WASHINGTON — An Oval Office meeting Tuesday morning yielded no deal on a final budget resolution, raising the specter of a government shutdown at week’s end.
President Obama had called Tuesday’s meeting in an effort to finalize a deal that Democrats have said was within reach but Republicans had yet to coalesce around.
Participants included Vice President Joe Biden; House Speaker John Boehner, R-Ohio; Senate Majority Leader Harry Reid, D-Nev.; and the chairmen of the House and Senate Appropriations Committees, Rep. Hal Rogers, R-Ky., and Sen. Daniel Inouye, D-Hawaii.
In a statement released after leaving the White House, Boehner’s office said there was a “”good discussion”” but that Republicans would not accept a deal “”that fails to make real spending cuts.””
The most recent stopgap spending plan expires Friday night, and failure to pass a new bill by then would result in the first government shutdown since President Bill Clinton battled with congressional Republicans in the mid-1990s. House rules require any proposed legislation to be posted online 72 hours before a vote, which means a deal must come by day’s end.
House Republicans say their preference is to move legislation funding the government for the remainder of the 2011 fiscal year, but they have offered yet another short-term extension — this time just one week — to avoid a shutdown.
That plan would accelerate the rate of cuts for domestic programs that lawmakers have agreed to in past extensions — from $2 billion per week to $12 billion.

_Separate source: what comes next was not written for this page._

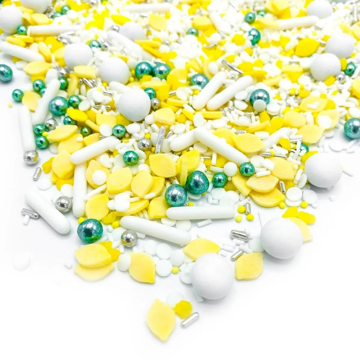 De Lemon Pie Crumble van Happy Spinkles ziet er niet alleen heel erg fris uit, maar zo smaakt hij ooknog eens! De witte en gele hagelslag, chocoladebolletjes, suikersticks en de suikercitroenen laten de spinkel er niet alleen heel goed uit zien, maar door de kleine citroenstukjes smaakt de mix ook nog eens heerlijk. Door de metallic groene en zilveren parels krijgt de mix ook nog eens een kleine glitter en glamour look, wat wil je nog meer.

Democrats are unlikely to support such a measure, however, and the White House was noncommittal Tuesday morning.
“”We believe that we can reach an agreement on funding for the full year if people sit around a table in a good-faith effort to approach this in a reasonable way,”” press secretary Jay Carney told reporters before the meeting. “”Our position remains that it is not good for the economy”” to pass temporary measures, he added.
Democrats say there is agreement on the level of cuts a final deal would include — $33 billion — and that the sticking point was how to achieve that amount, from cuts to either discretionary or mandatory programs. Boehner disagreed.
“”Thirty-three billion in cuts is not enough, particularly when it is achieved in large part through budget gimmicks,”” his office said in the statement.